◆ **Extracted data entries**
────
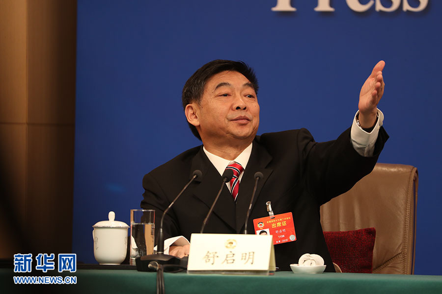 全國政協(xié)十三屆二次會議3月5日15:00在梅地亞中心多功能廳舉行記者會,邀請5位全國政協(xié)委員就“打贏防范化解重大風(fēng)險、精準(zhǔn)脫貧、污染防治三大攻堅戰(zhàn)”回答記者提問。圖為主持人舒啟明。新華網(wǎng)/中國政府網(wǎng) 陳杰 攝
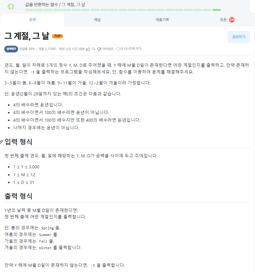 윤년을 구분하는 문제는 유명하기도 하고, 해당 테스트 문제를 풀기 전에, 윤년을 구분하는 문제가 있기 때문에, 그 문제에서 작성한 함수를 가져와서 풀었다. 윤년일땐 2월의 일수를 늘려주면 된다.
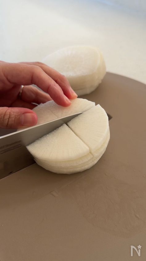 (1) 大根は3〜4mmの薄いちょう切りにする。
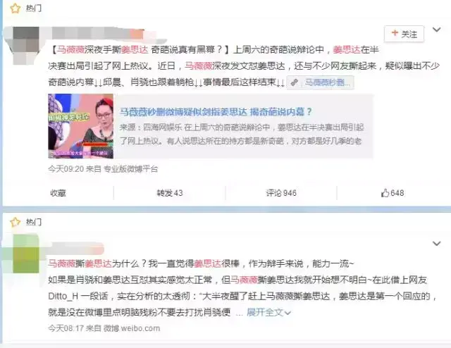 打开一看是这样的:马薇薇手撕姜思达?奇葩说有黑幕?
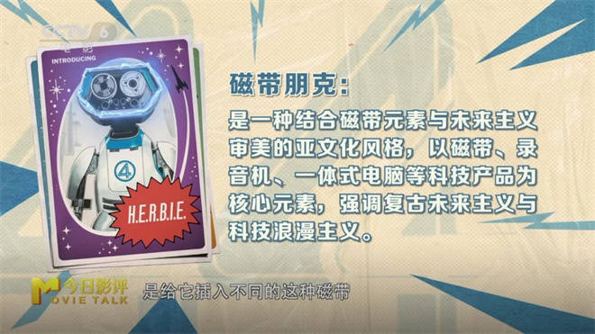 *媒介与科技的怀旧运用:神奇先生主持的科普节目在显像管电视上播放,带有老旧ABC台标;机器人通过插入磁带切换功能,融入“磁带朋克”元素。
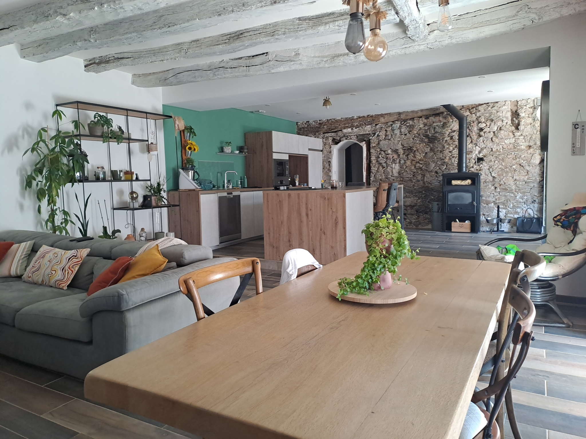 Nouveauté en exclusivité. Charmante maison en pierres rénovée avec goût permettant une vie de plain-pied située à 2 km des commodités. Le rez de chaussée offre une vaste pièce de vie dotée d'un poêle à granulés avec lumière traversante donnant sur un jardin cocooning au Sud à l'abri des regards et sur un second au Nord, une grande cuisine aménagée et équipée, une suite parentale de 16 m2 composée d'une chambre et de sa salle d'eau avec deux vasques et douche à l'italienne, WC indépendant. L'étage bénéficie d'une mezzanine idéale pour une salle de jeux avec un balcon surplombant le jardin, un palier menant à deux chambres, un bureau et une salle de bains avec WC. Cette maison dispose d'un chauffage au sol pour la partie rez de chaussée et d'une exposition plein Sud. Aucun travaux à prévoir. Pour les amateurs de la campagne, un pré clos d'environ 4 000 m2 avec abris pour animaux et un terrain de 720 m2 à proximité non attenant. Les informations sur les risques auxquels ce bien est exposé sont disponibles sur le site Géorisques : www.georisques.gouv.fr PRIX FAI TTC 293 800 EUR dont 280 000 EUR NET VENDEUR et 13 800 EUR (4,93%) honoraires agence charge acquéreur.
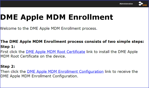 When the user has been directed to the DME Apple MDM Enrollment web page, he or she is presented with the following page containing instructions and two links:
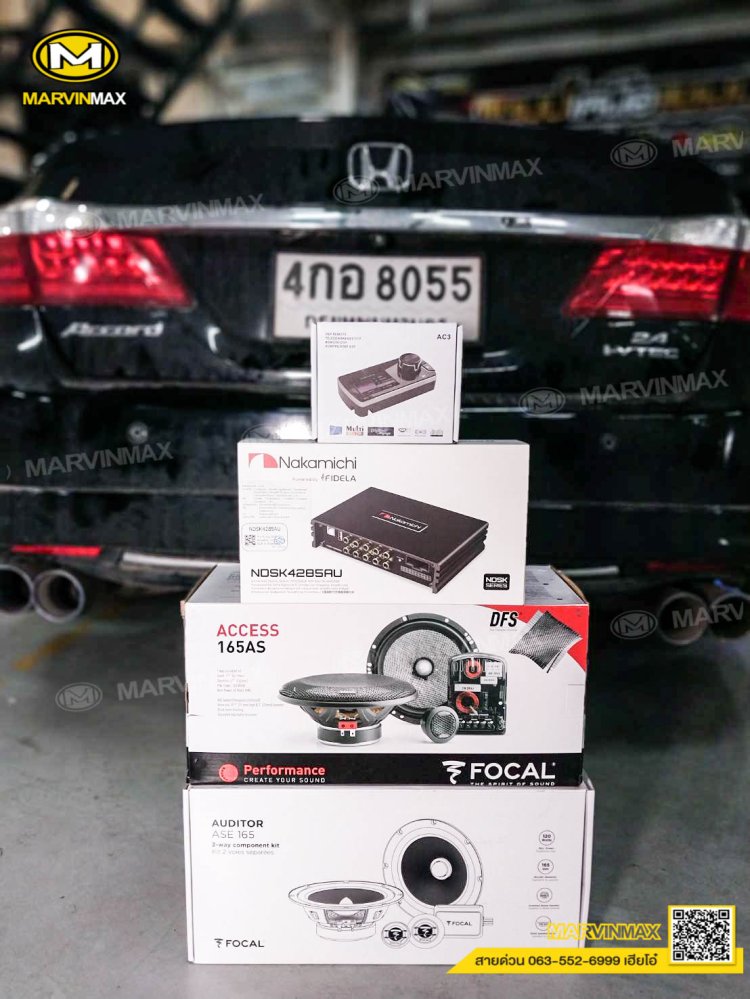 เครื่องเสียงติดรถยนต์ คู่หน้า focalAs165 คู่หลัง Ase165 Dsp nakamichi 4285 แผ่นแดมป์ Mercury _Honda Accord
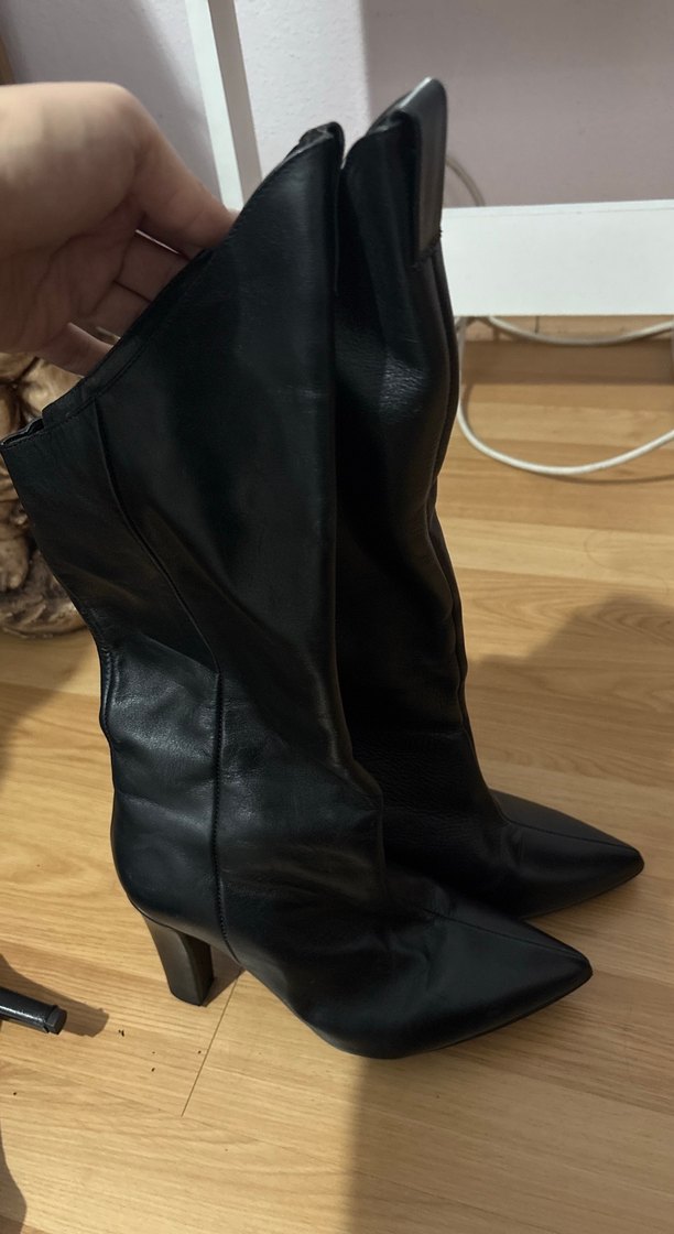 Kadın Siyah Deri Dizüstü Çizmeler
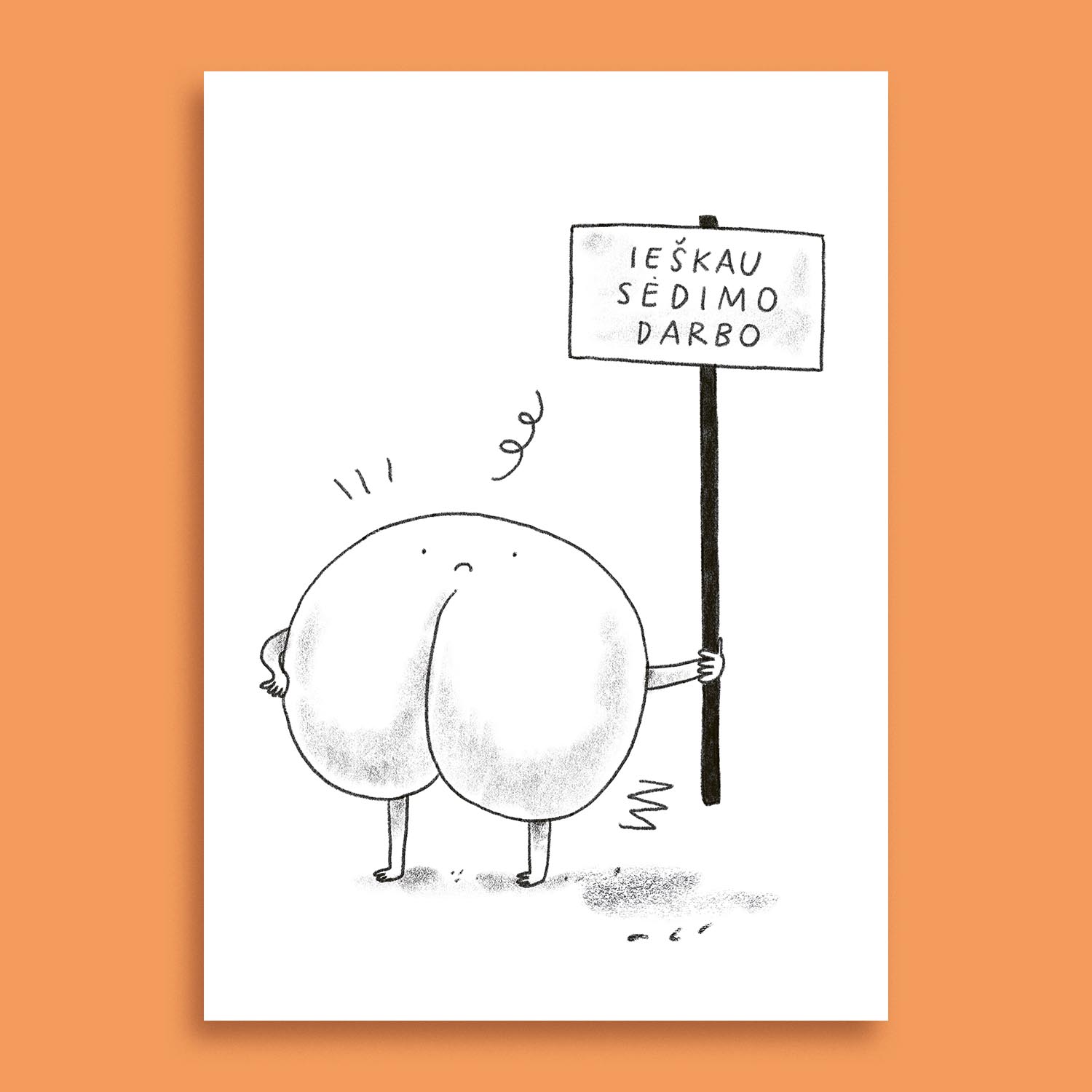 Superbobučių atvirukas „Ieškau sėdimo darbo“
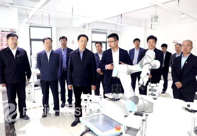 在智能协作机器人中心,工程师向惠新安书记演示了UR协作机器人的工作方式,详细介绍了协作机器人在工业领域的用途,惠新安书记充分肯定了协作机器人在工业领域内的应用。
────
◆ **What you have to do**
Beginning with the line containing "เครื่องเสียงติดรถยนต์ คู่หน้า focalAs165" and ending with the last line of the data, output those lines exactly and nothing more. Omit every picture.

◆ **Expected output**
 เครื่องเสียงติดรถยนต์ คู่หน้า focalAs165 คู่หลัง Ase165 Dsp nakamichi 4285 แผ่นแดมป์ Mercury _Honda Accord
 Kadın Siyah Deri Dizüstü Çizmeler
 Superbobučių atvirukas „Ieškau sėdimo darbo“
 在智能协作机器人中心,工程师向惠新安书记演示了UR协作机器人的工作方式,详细介绍了协作机器人在工业领域的用途,惠新安书记充分肯定了协作机器人在工业领域内的应用。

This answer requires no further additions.